E, por último, contemplando os objetivos dessa revisão sistemática, está a condição de tratamento do adolescente usuário de drogas com abordagem familiar. Viu-se por meio da busca que há um investimento em estudos que contemplem a intervenção com os pais no tratamento do adolescente, deixando-se em destaque os benefícios que esta participação propicia. Os resultados dos estudos citados corroboraram com uma questão que vem sendo relatada na literatura sobre o tema, demonstrando que com a participação dos pais conquistam-se resultados efetivos na terapia dos filhos (Liddle, 2004). Visto que os adolescentes têm uma tendência a impulsividade, pouca capacidade de inibição e julgamento que prejudicam seu envolvimento com o tratamento (Winters, 2008), os resultados dos estudos apresentados parecem indicar que a participação de pais/responsáveis no tratamento do adolescente usuário de drogas pode contribuir para a adesão e engajamento do adolescente no tratamento (Liddle, 2004).
Consideracões Finais
Esta revisão sistemática proporcionou a construção de um panorama de tratamentos ao investigar a eficácia de protocolos de tratamento de base familiar para adolescentes usuários de drogas. Observou-se que as intervenções que permitiam a participação ativa dos pais ou responsáveis se mostraram mais eficazes na maioria das variáveis selecionadas. A presença dos pais/ responsáveis no tratamento contribuiu na redução da frequência e na gravidade do uso da substância psicoativa, no tempo de abstinência, no engajamento do adolescente no tratamento e na melhora do funcionamento familiar.

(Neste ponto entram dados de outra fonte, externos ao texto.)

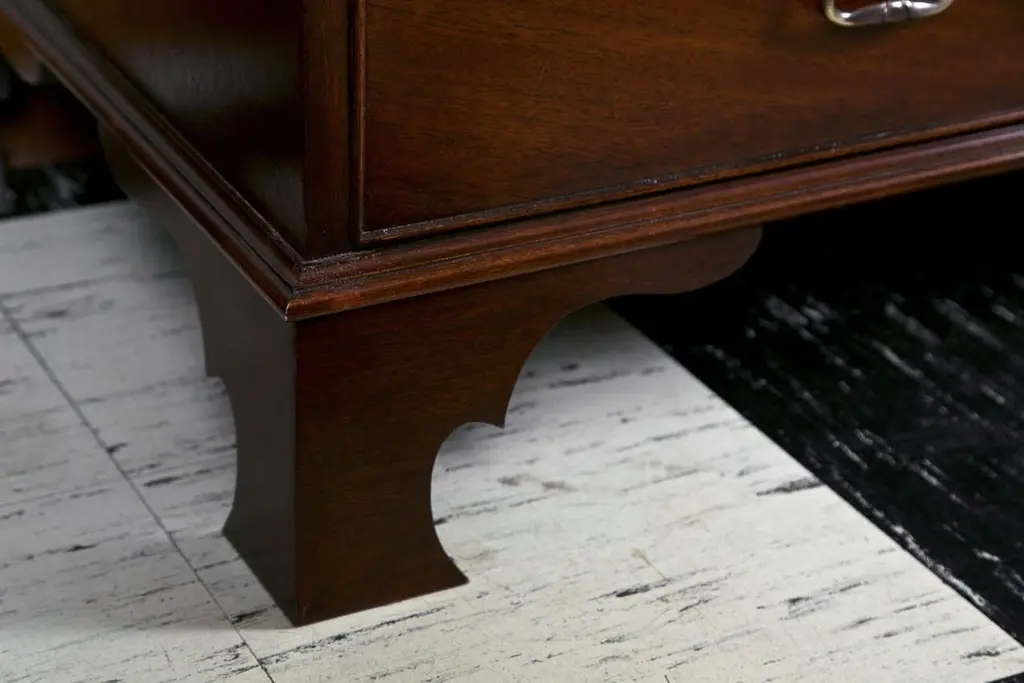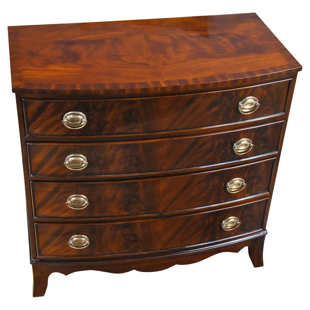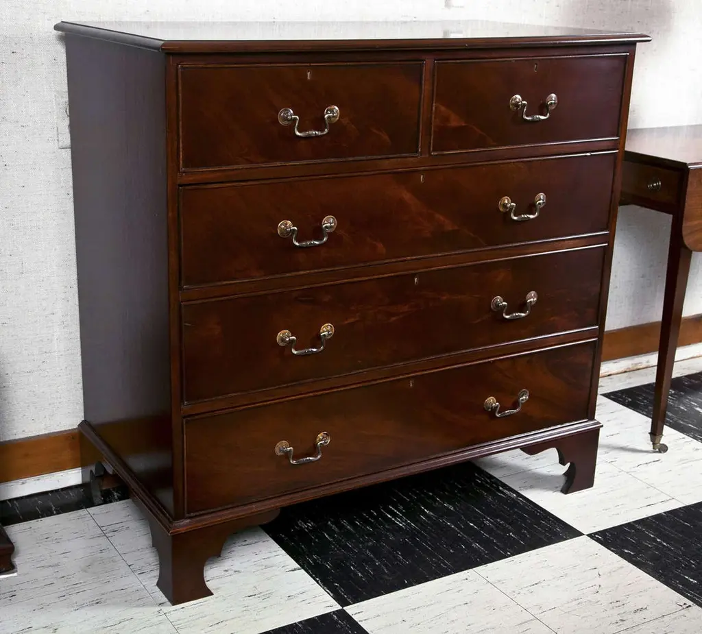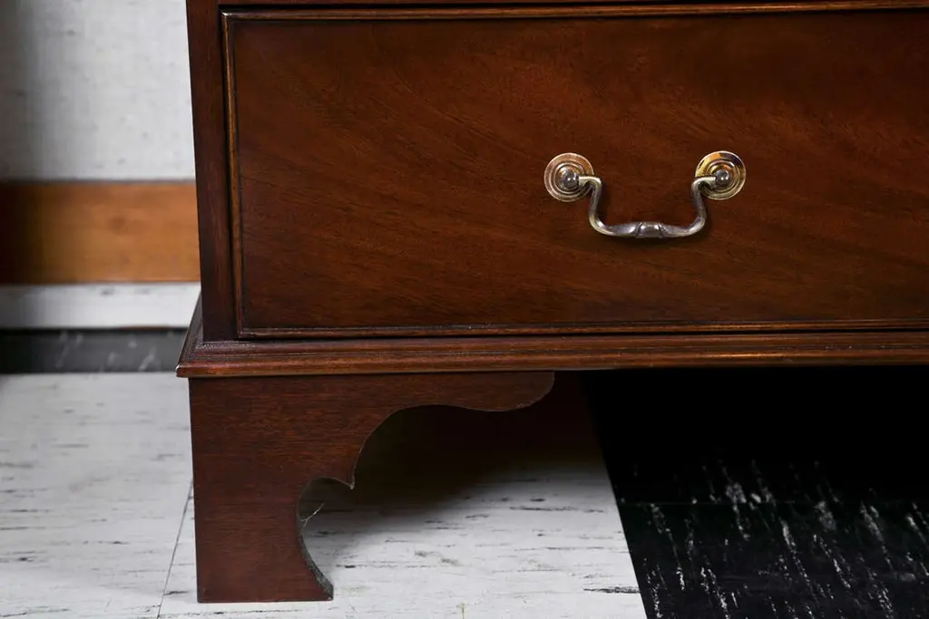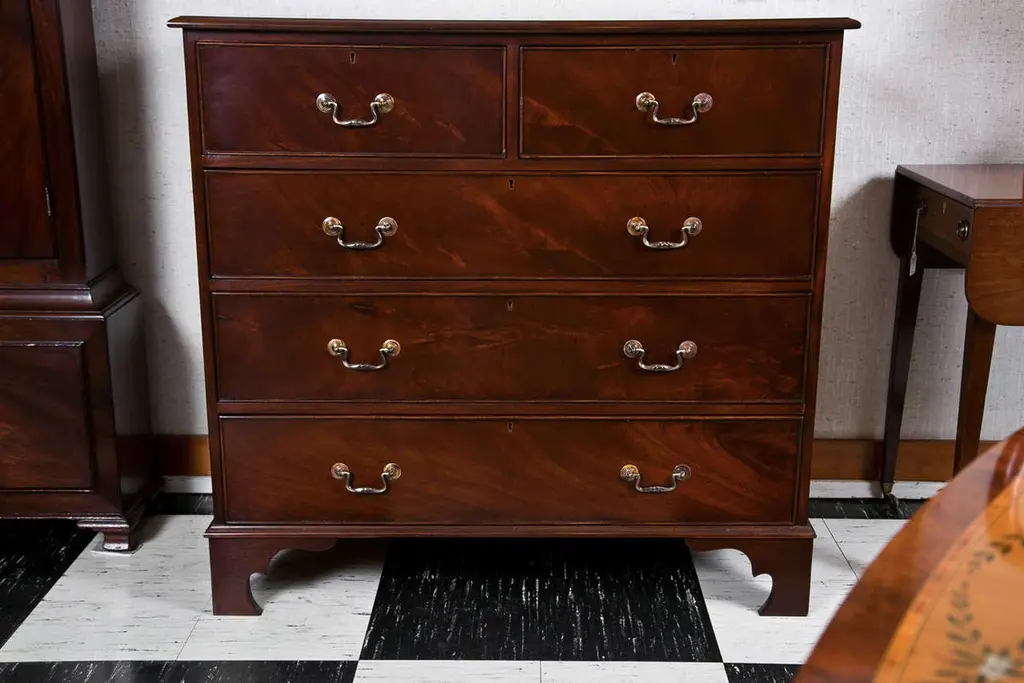 This Classic five-drawer chest has all the proper elements one seeks in such a piece. From the beaded drawers to the shaped bracket feet and including the brass bail hardware, it ticks off all the boxes. With beautiful crotch mahogany covering the front and a narrow stringing on the top, this chest will look well with any antiques it might find itself near.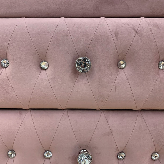 - Competitive pricing for a pink, upholstered four-drawer chest of this size delivers strong value without sacrificing quality.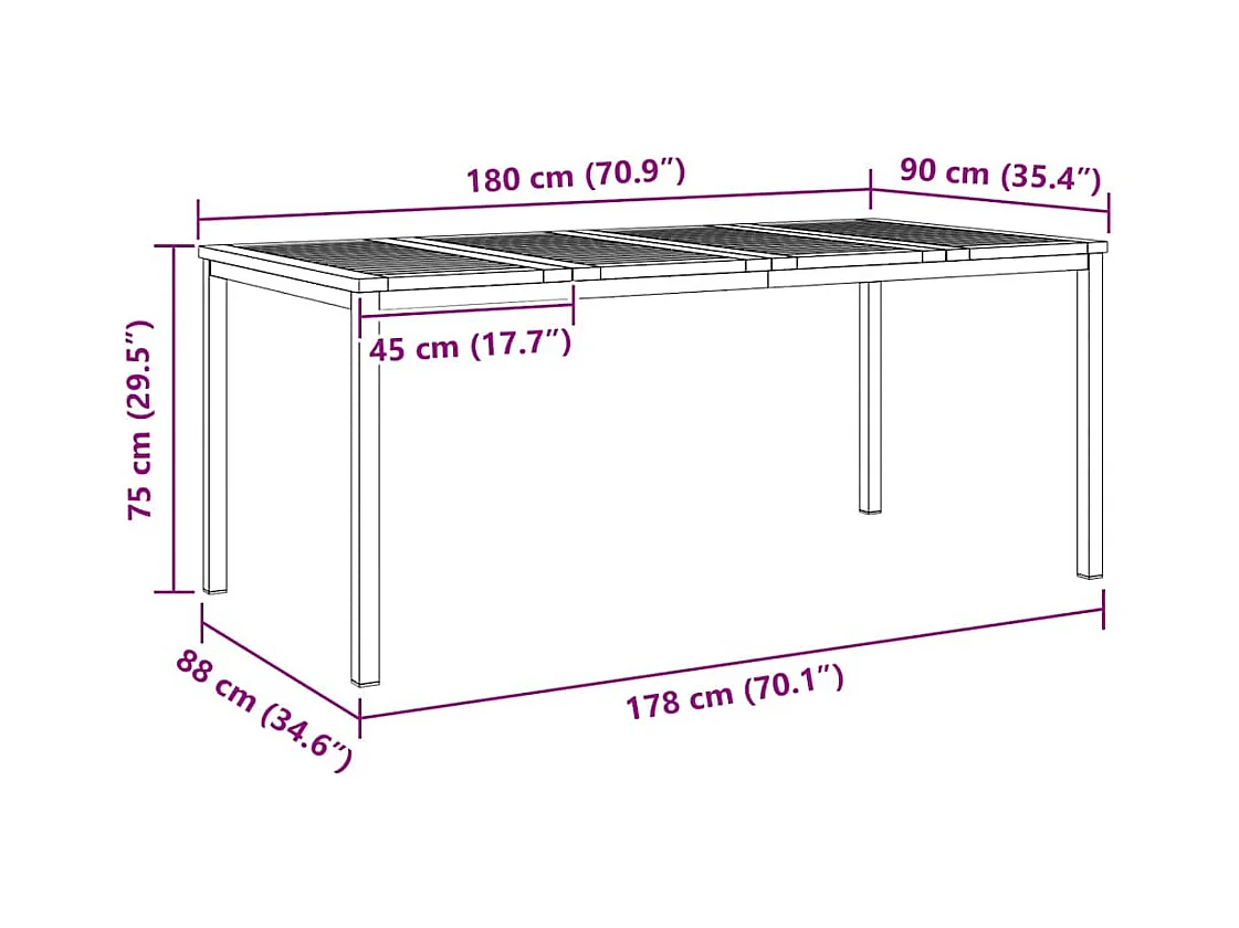Tavolo da pranzo per esterni in legno massello di acacia marrone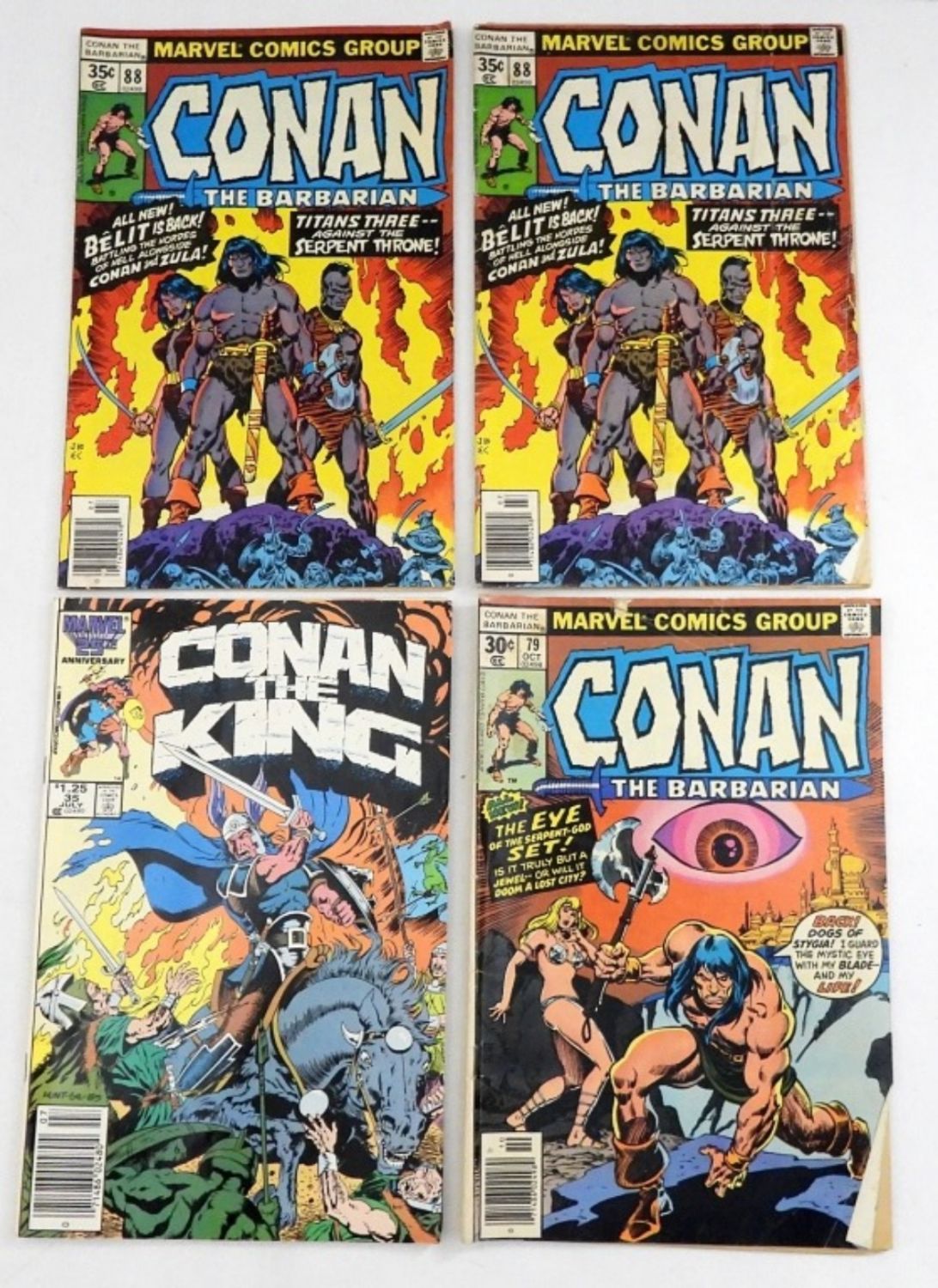 CONAN THE BARBARIAN ISSUES #65, 79, 93, 84, 87, 88, 89, 93, 175, 186 – WITH SOME DUPLICATES; ALSO INCLUDES CONAN THE KING 1985-86 RUN OF ISSUES #31-35

Os protocolos testados empiricamente comprovaram a maior eficácia das intervenções com participação ativa dos pais. Reitera-se que se seguiu o rigor metodológico dos instrumentos e protocolos de pesquisa com a intenção de agregar argumentos para as discussões de ensaios clínicos rando-mizados, principalmente, para sumarizar estudos com intervenções de qualidade excelente na realidade latino-americana e brasileira.
Os achados do presente estudo apontam para a importância da inclusão dos pais/responsáveis no tratamento do adolescente envolvido com drogas. Além de subsidiar reflexões em torno da práxis profissional de cuidado a essa clientela e estimular novas pesquisas. Salienta-se, também, que a inserção dos pais/responsáveis no tratamento do abuso e dependência química constitui uma dificuldade e um desafio para a equipe interdisciplinar de saúde.